- Born: May 18, 1959 (age 65) New York, New York
- Years active: 1980–present
- Known for: Acting, voice acting, audiobooks
- Notable work: Angie in Caddyshack (1980) I. M. Meen in I. M. Meen (1995)

= Peter Berkrot =

American voice actor

Peter Berkrot (born May 18, 1959) is an American voice actor, stage actor, director, producer, and freelance writer who has worked in television, the movie industry, video games, and theatre. He also runs his own acting school called New Voices, and writes for American Theatre Magazine.

He has worked in the television series America's Most Wanted, Unsolved Mysteries, and PBS Frontline. Berkrot's voice work in video games include Ignatius Mortimer Meen and Gnorris in I.M. Meen and Chill Manor and a jewelry merchant in Darkened Skye.

Berkrot is a voice over actor and audiobook narrator with 150 audiobooks and over 100 children's titles to his credit.
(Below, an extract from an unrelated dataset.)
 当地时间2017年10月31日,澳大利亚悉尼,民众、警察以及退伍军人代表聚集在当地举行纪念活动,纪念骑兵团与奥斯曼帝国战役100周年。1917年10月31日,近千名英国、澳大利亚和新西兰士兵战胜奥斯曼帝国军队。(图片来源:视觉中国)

He has won three Earphones Awards and was nominated for an Audie Award for the narration of Buddha Standard Time in 2012.

== Personal life ==
In November 1988, he married Karen A. Schionning.
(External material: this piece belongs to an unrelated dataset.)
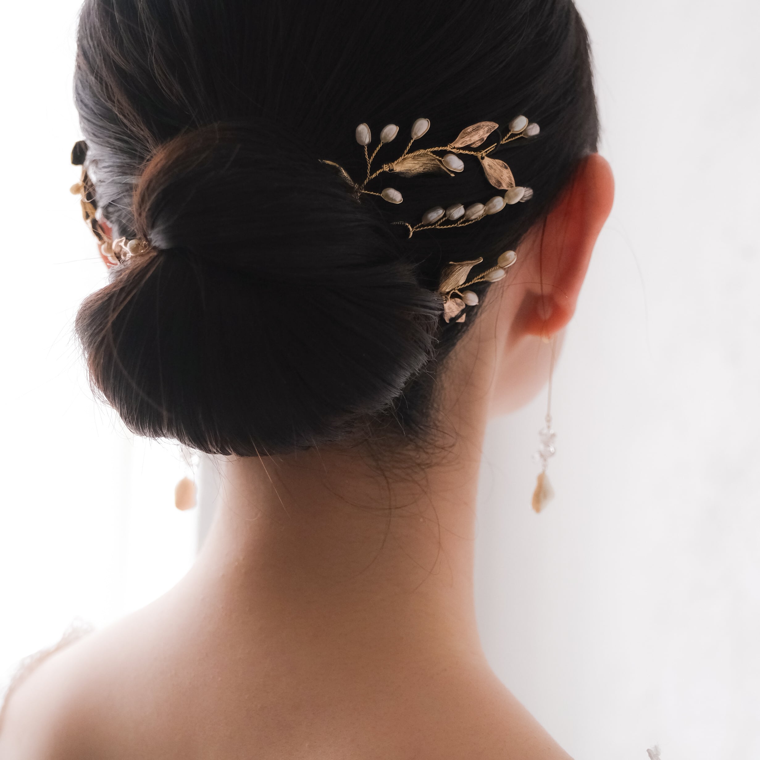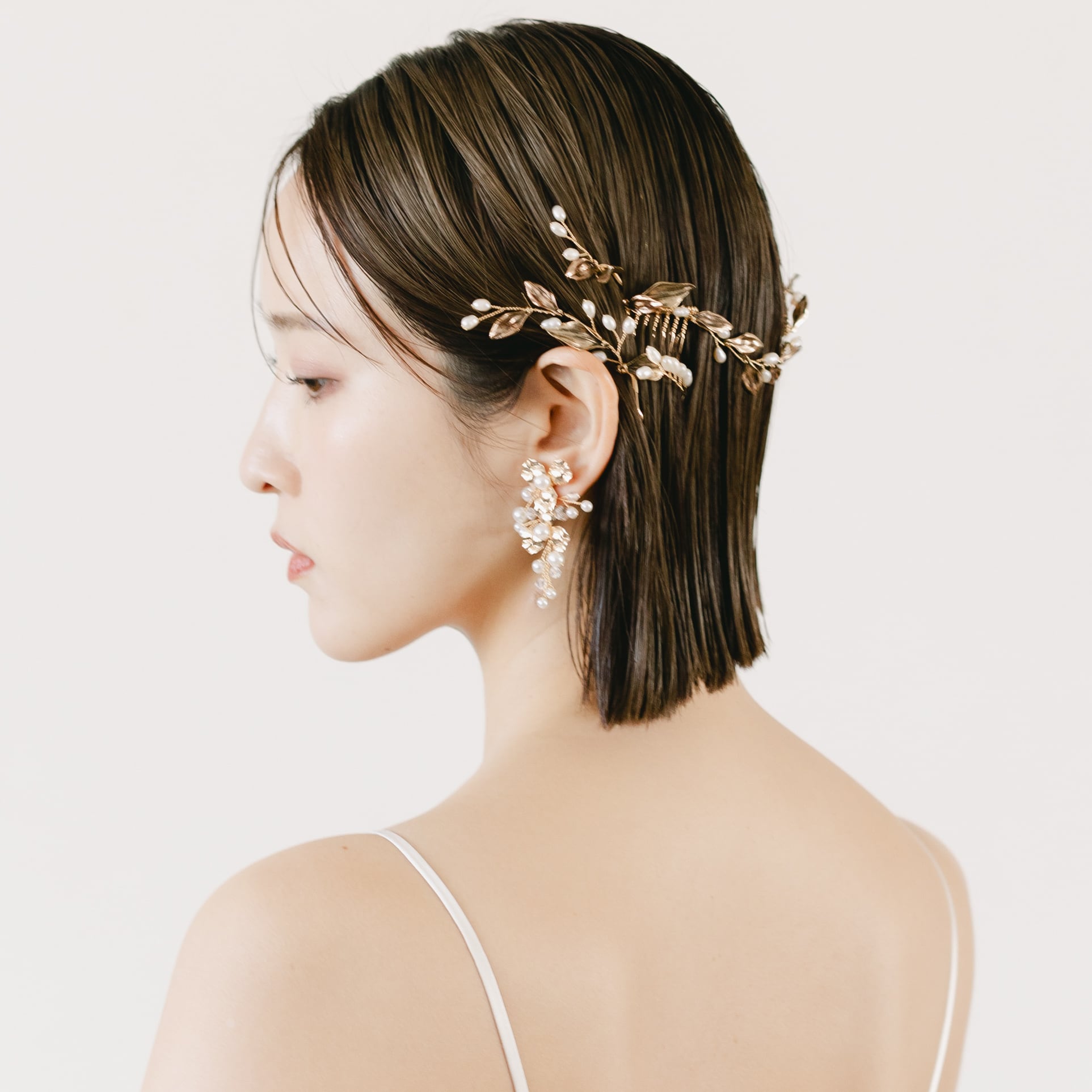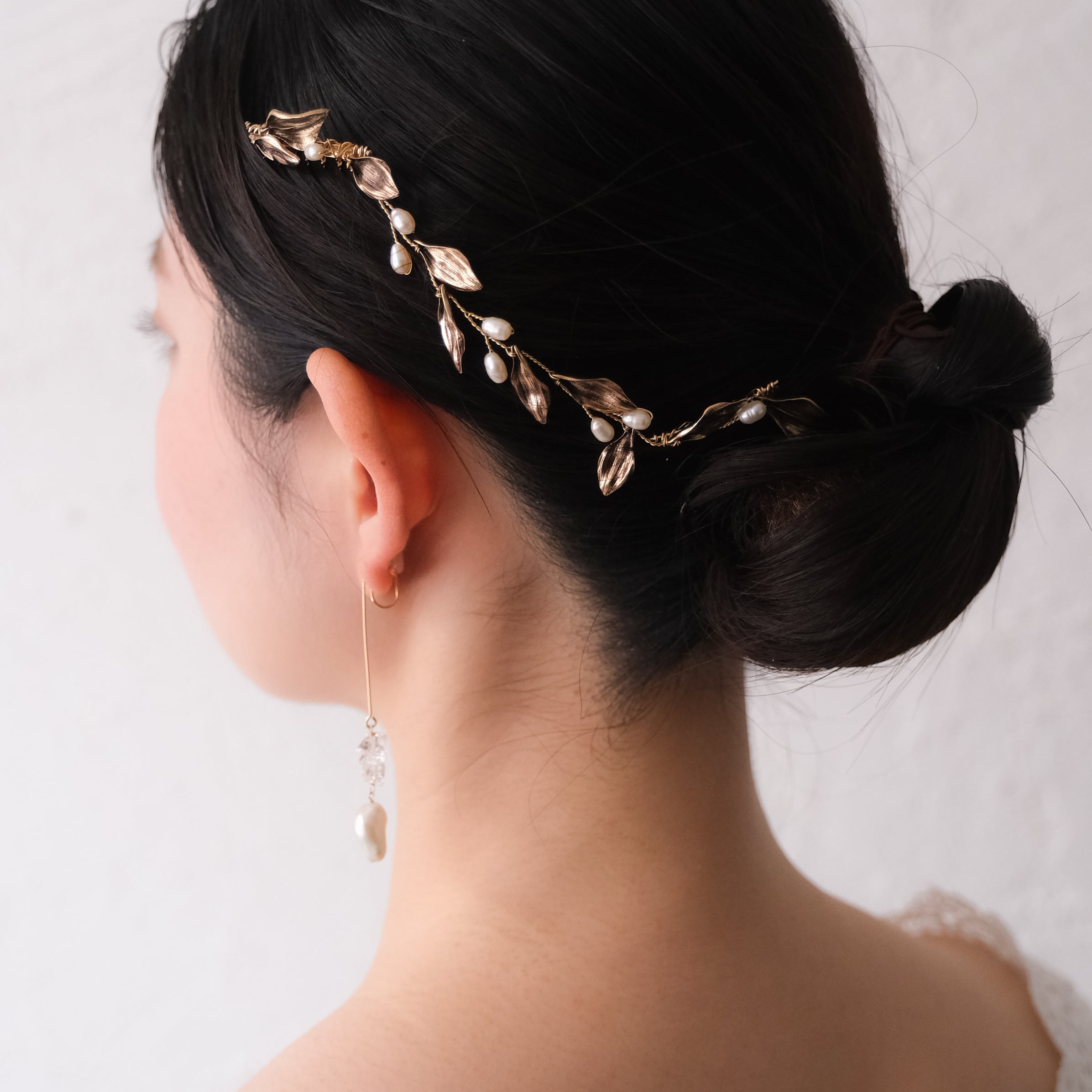 x21-hd142【ヘッドドレス】4点セット リーフ パール ナチュラル ブライダル 褐色ゴールド

He is a former resident of Newburyport.

Circa 2020, during the COVID-19 pandemic, he lived in Gloucester, Massachusetts. In 2020, he described "working from his 4-foot-by-4-foot soundproof booth", while his son Misha Berkrot operated the production panel outside of the booth. Circa 2020, Berkrot "[read] for a living, from morning until evening, whether it is performing at home in his sound studio or preparing for one of his recordings."